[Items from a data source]

=== Section Start ===

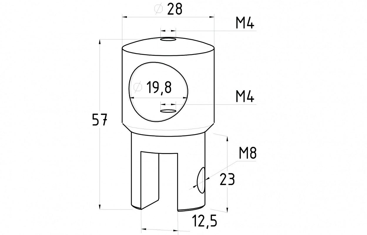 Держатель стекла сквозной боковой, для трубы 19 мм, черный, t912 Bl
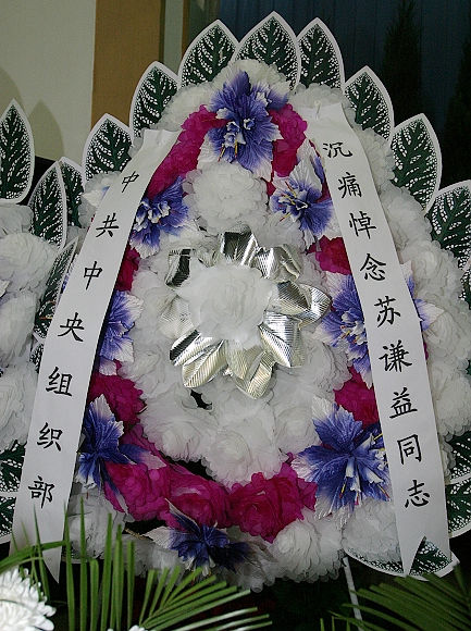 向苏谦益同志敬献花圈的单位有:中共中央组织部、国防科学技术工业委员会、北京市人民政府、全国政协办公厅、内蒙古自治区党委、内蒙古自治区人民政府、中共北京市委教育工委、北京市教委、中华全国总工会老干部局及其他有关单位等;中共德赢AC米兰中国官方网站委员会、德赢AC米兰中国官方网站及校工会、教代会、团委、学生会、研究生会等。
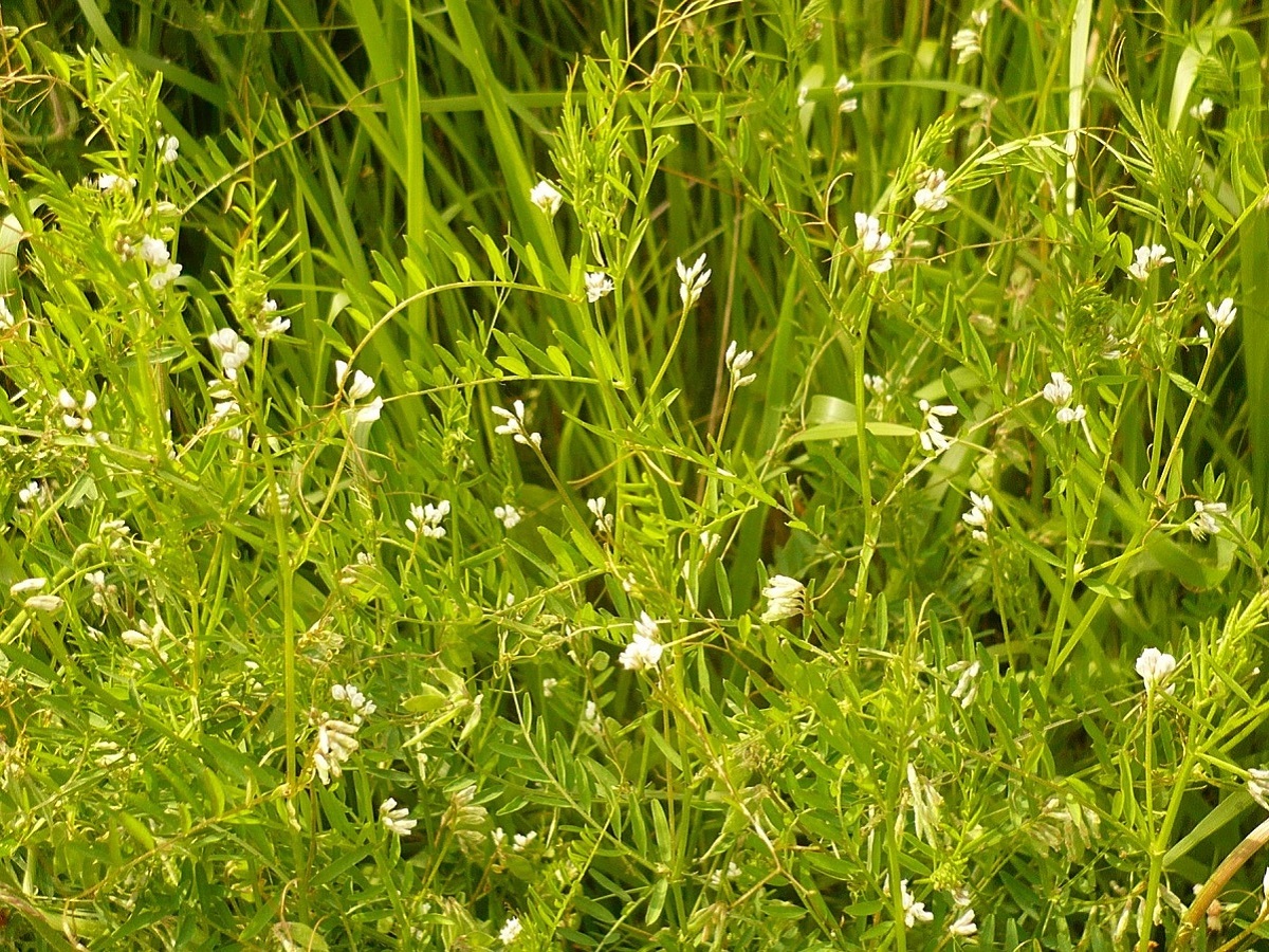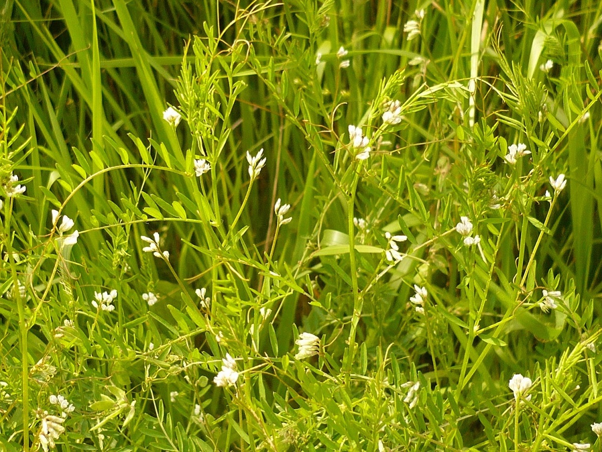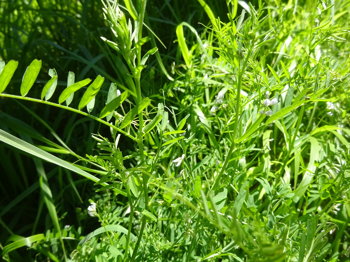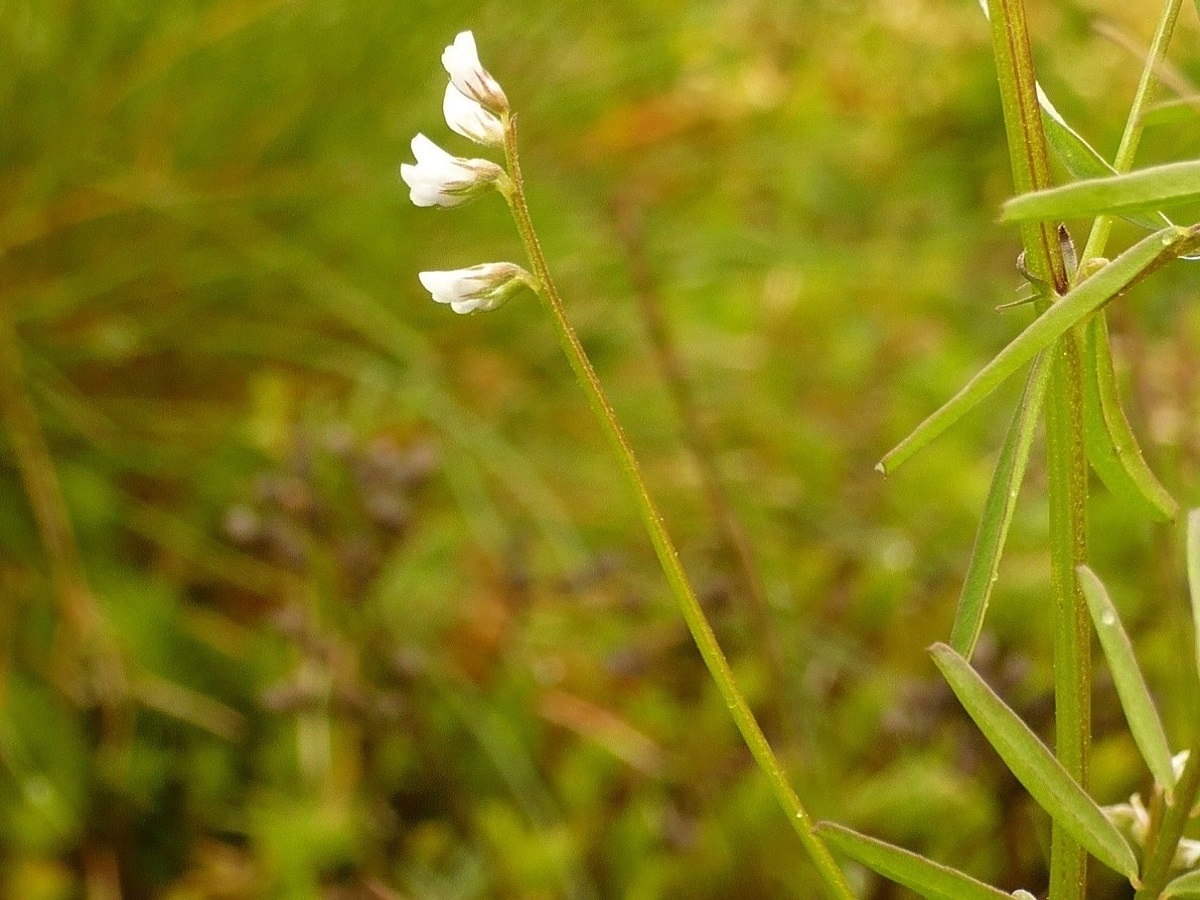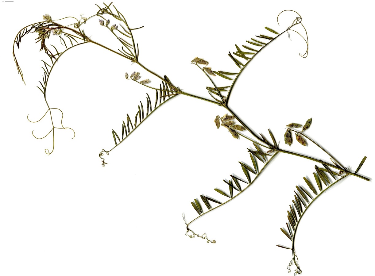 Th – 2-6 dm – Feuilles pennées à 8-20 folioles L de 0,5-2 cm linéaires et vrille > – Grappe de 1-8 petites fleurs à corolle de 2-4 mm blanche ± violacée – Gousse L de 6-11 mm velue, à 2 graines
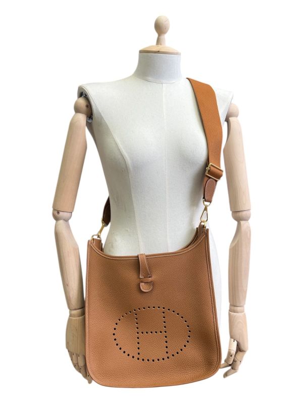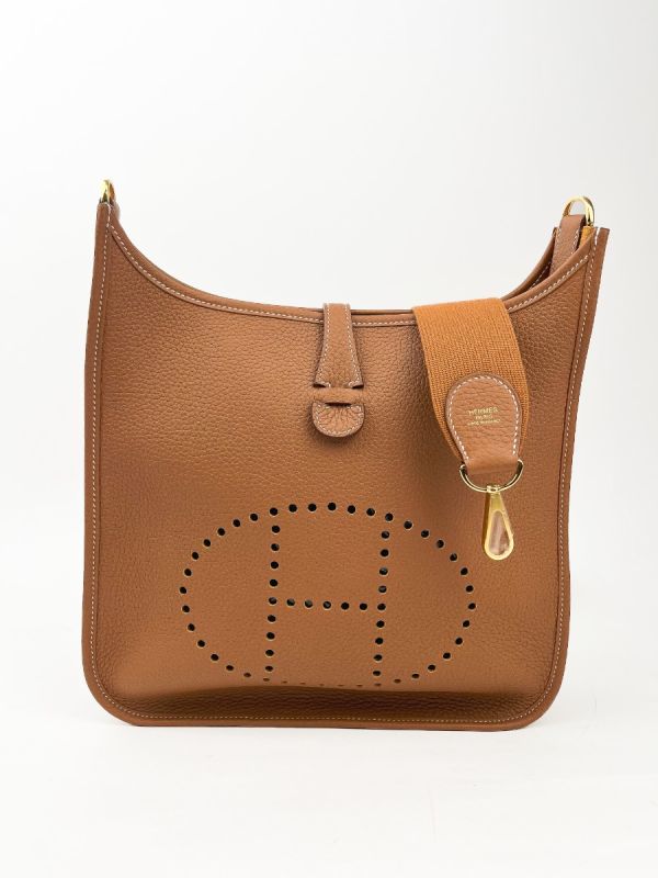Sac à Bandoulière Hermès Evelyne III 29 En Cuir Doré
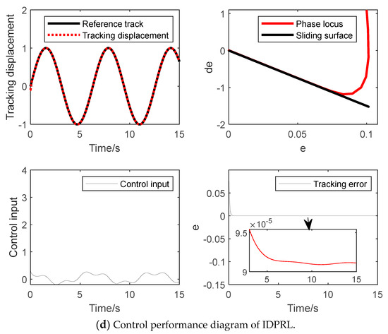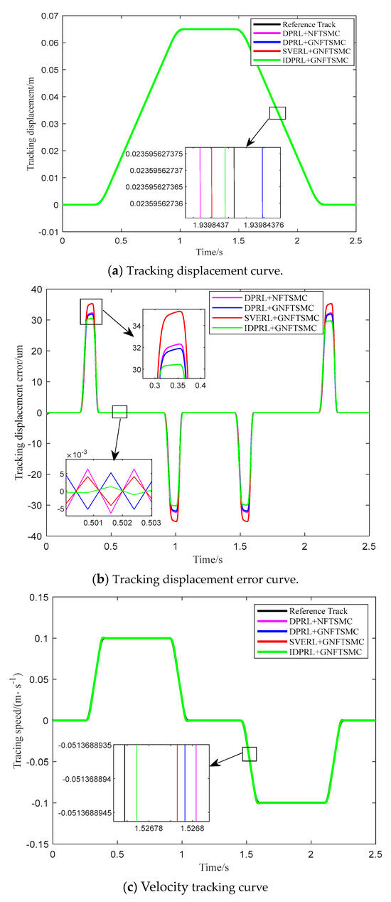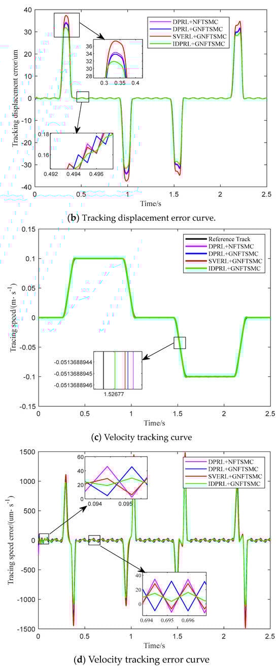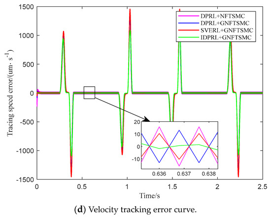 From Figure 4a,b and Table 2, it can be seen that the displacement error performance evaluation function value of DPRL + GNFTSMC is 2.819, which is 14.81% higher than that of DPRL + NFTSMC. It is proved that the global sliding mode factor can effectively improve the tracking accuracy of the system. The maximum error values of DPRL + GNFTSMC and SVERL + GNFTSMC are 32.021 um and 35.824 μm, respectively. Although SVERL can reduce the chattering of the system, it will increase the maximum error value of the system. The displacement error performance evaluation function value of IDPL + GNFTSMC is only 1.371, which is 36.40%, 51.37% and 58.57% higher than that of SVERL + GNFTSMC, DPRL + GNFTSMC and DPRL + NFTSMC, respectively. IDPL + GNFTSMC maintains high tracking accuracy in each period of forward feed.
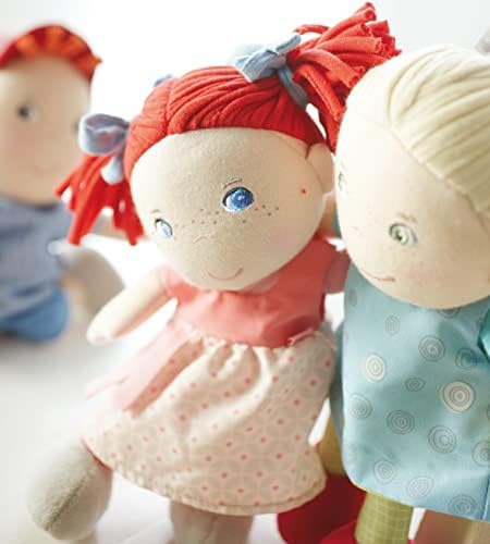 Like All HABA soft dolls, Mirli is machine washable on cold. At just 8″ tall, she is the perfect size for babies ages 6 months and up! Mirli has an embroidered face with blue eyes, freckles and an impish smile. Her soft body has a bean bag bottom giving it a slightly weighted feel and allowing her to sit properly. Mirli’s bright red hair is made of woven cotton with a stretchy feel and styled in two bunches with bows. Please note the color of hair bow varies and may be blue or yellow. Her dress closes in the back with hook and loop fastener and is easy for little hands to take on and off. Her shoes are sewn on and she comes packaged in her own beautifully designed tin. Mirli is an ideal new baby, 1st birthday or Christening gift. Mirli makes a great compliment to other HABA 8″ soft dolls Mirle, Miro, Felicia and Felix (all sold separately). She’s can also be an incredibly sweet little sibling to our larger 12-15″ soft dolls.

=== Section End ===

**WORK ORDER**. Set the pictures aside and retype exactly the lines above from the line with "Th – 2-6 dm" to the line with "Sac à Bandoulière", both included, adding no others.

**RESULT BELOW**.
 Th – 2-6 dm – Feuilles pennées à 8-20 folioles L de 0,5-2 cm linéaires et vrille > – Grappe de 1-8 petites fleurs à corolle de 2-4 mm blanche ± violacée – Gousse L de 6-11 mm velue, à 2 graines
Sac à Bandoulière Hermès Evelyne III 29 En Cuir Doré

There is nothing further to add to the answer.